Regarding the interaction between mysql and hadoop data, and the hadoop folder design, concerning the interaction between mysql and hadoop data, and hadoop folder design, mysql is currently distinguished by region and business district, assuming that the region where the mysql database is read is located, I communicated with the leaders yesterday according to the region division. the leaders said that the click-through rate is not a necessary condition, and the region division is the focus, followed by persuasion from various aspects, so they had to distinguish by region, the key is that if the town area distinguishes data and products, there are more than 6 K regions throughout the country. The number of such hdfs folders does not crash. I still feel that there are many latitude and condition queries, I shouted another sentence above, not necessarily using hadoop... design the mysqlhadoop database
About mysql and hadoop data interaction, and hadoop folder design
About mysql and hadoop data interaction, and hadoop folder design
Currently, mysql is differentiated by region and commercial district. assume that the region where the mysql database is read is divided by region.

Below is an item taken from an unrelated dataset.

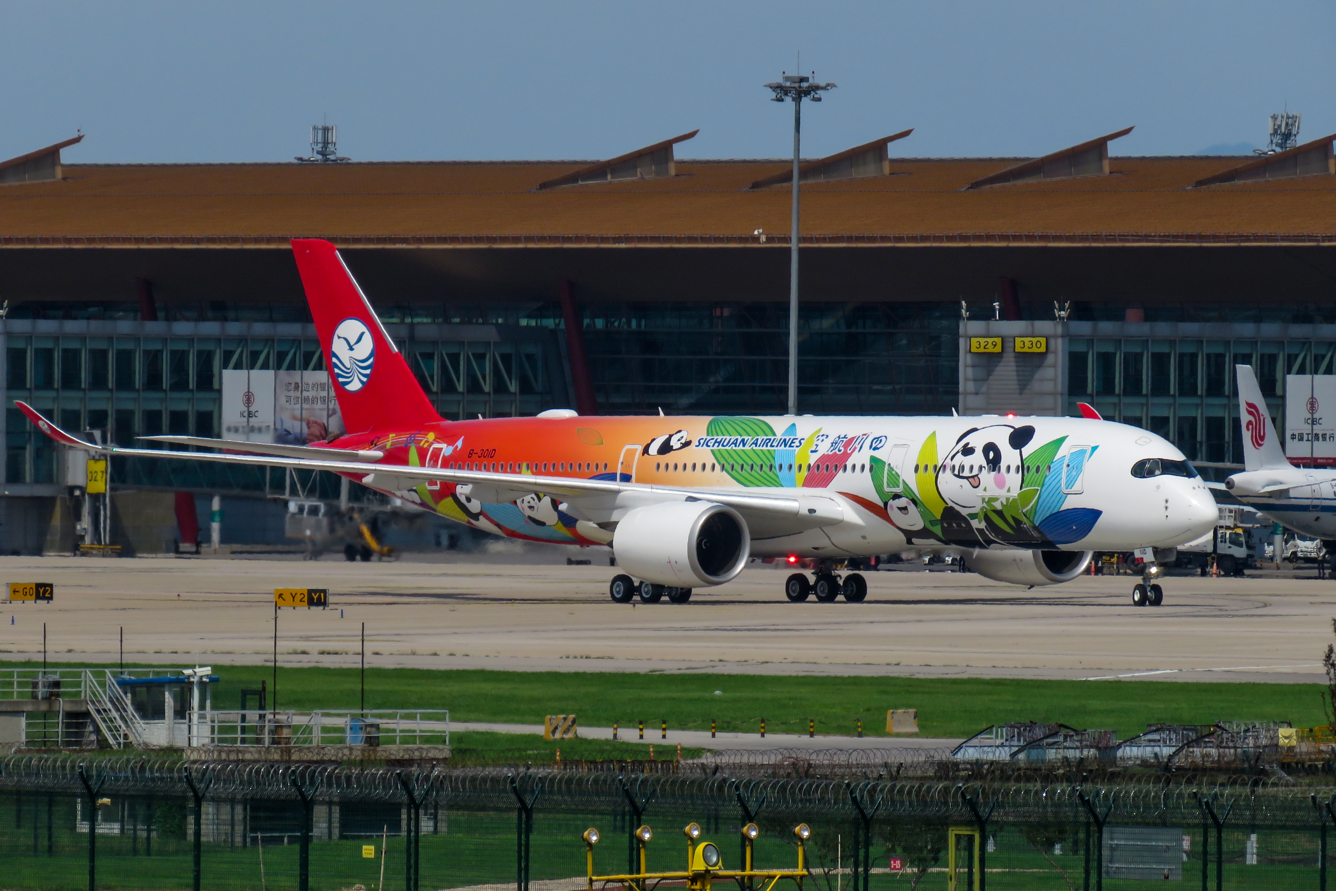 Sichuan 8885 from Chengdu. Warmly welcome the inaugural commercial flight of Sichuan Airlines' A350, although there's no water gate ceremony.

I communicated with the leaders yesterday. The leaders said that the click-through rate is not a necessary condition, and the regional division is the focus, followed by persuasion from various aspects, so they had to distinguish the region. The key is that the town area distinguishes data from products, there are more than 6 K regions in China,
The number of hdfs folders is not very bad,
There are still a lot of latitude and condition queries in the end. I shouted at the top, not necessarily using hadoop. What advantages does hadoop give play to? mysql multi-condition query is convenient. please make good use of this solution, then I was confused, and my heart was tangled and depressed. Mahout has made some achievements recently, and found that the standalone version is also quite good (with a small amount of data). SouFun is searched, and so many houses in Beijing are for sale in 519,059, so there is no need to use hadoop, I feel that if I only analyze 519,059 data records separately,
If you have a good blog and resources, please provide url connection. thank you.